Hexoganol France lies in Western Europe and shares borders with Germany, Luxemburg, Switzerland and Italy in the East, Belgium in the North and Spain in the South. To the West and to the South the country is surrounded be the sea, the English channel in the North, the Gulf of Biscaya in the West and the Atlantic and Mediterranean in the Southeast.
France is marked by several kinds of vegetation: flat plains, hills and mountains such as the Alps and Pyrenees. The Northern part of the Atlantic coast consists mostly of sand dunes and cliffs of white chalk, the Western coast forms a steep cliff line with many bays and in the South you find the highest dune in all of Europe towering at a hight of 115 meters.
With its over 640,000 square kilometers France is the largest country in Europe, this includes its overseas territories such as Martinique, Réunion and Guadeloupe.
France has a little more than 66 million inhabitants, the largest city and capitol is Paris, followed by Marseille.
Due to its geographical variety France cannot really be divided into climate zones. The Southeast has subtropical Mediterranean weather with the highest temperatures and the most sunshine while the mountain regions have by far the most rain.
In the North of the country the climate is moderate, the Northeast has more continental climate whereas the Northweast has predominantly oceanic climate. This means lots of rain in Summer but mild, dry Winters.
The Southwest is very unstable and it rains a lot, especially in Spring and Autumn. This is great for all the lovers of winter sports, the high mountain ranges are covered in snow for almost six months from December till April. You can even go skiing or snowboarding all year round on the glaciers.

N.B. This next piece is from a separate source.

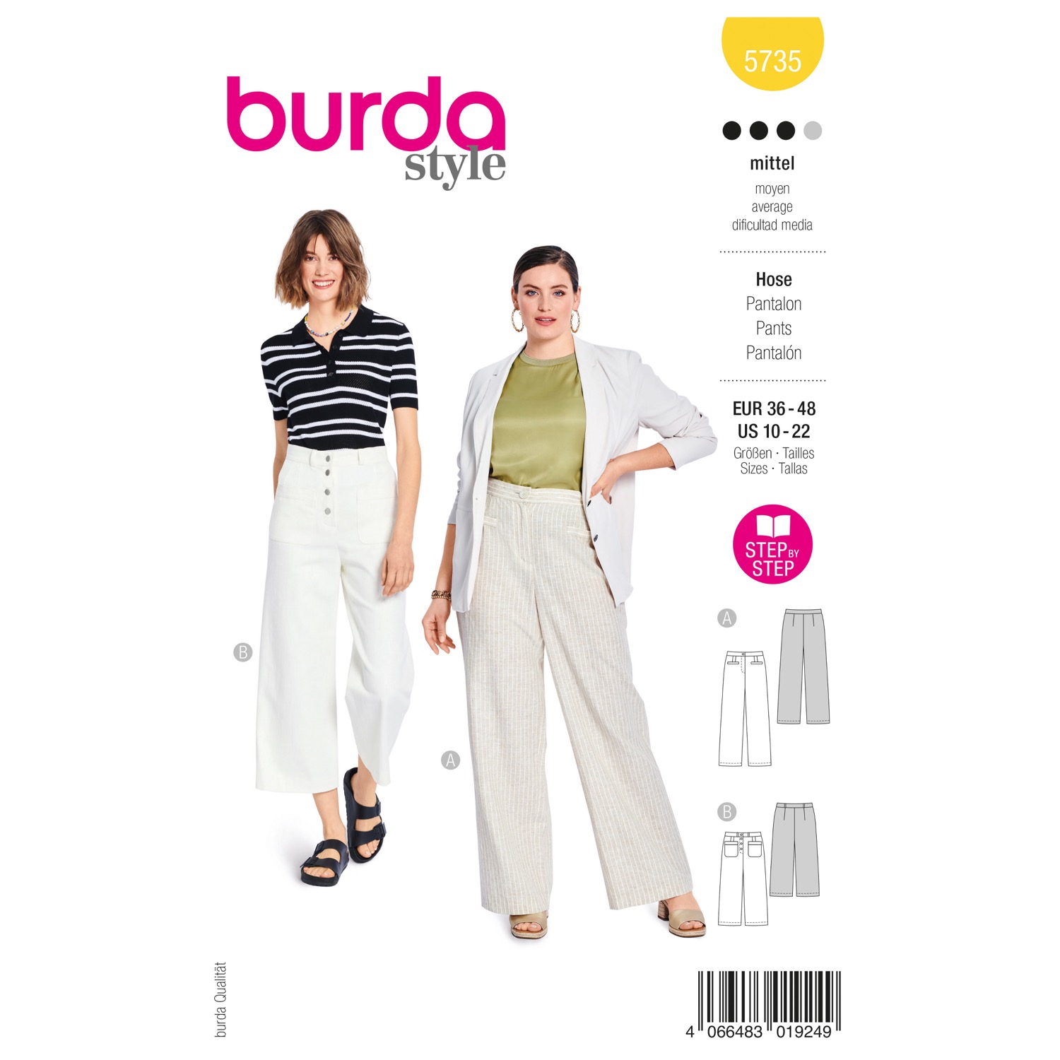 Schnittmuster von Burda style mit Mehrgrößenschnitt in Originalgröße auf Papierbögen zum Auskopieren oder Ausschneiden – inkl. Nähanleitung.

Whereas in central France you will have mild weather with pleasant temperatures.
With the weather being as diverse as it is France is worth a visit no matter what time of the year it is. Spring and Autumn are great for city visits or road trips. There is not much rain in Spring and Autumn stays very mild for a long time. You can go swimming in the Mediterranean from May till October and in the Atlantic from June to September. At the Côte d’Azur it can even be warm enough to have your aperitif outside in February.
Since the introduction of the Euro to the EU France too has been paying in Euros. There are ATMs everywhere and unlike Spain or Italy for example it is easy and common practice to pay with credit card in France.
France is part of the EU so you can immigrate from the EU with a passport or id card which may only be expired for one year at max. Citizens of other countries (US, Australia, Japan, Switzerland, etc.) need a Schengen Visa for short visits. For stays longer than 90 days (3 months) you need an extended stay Schengen Visa.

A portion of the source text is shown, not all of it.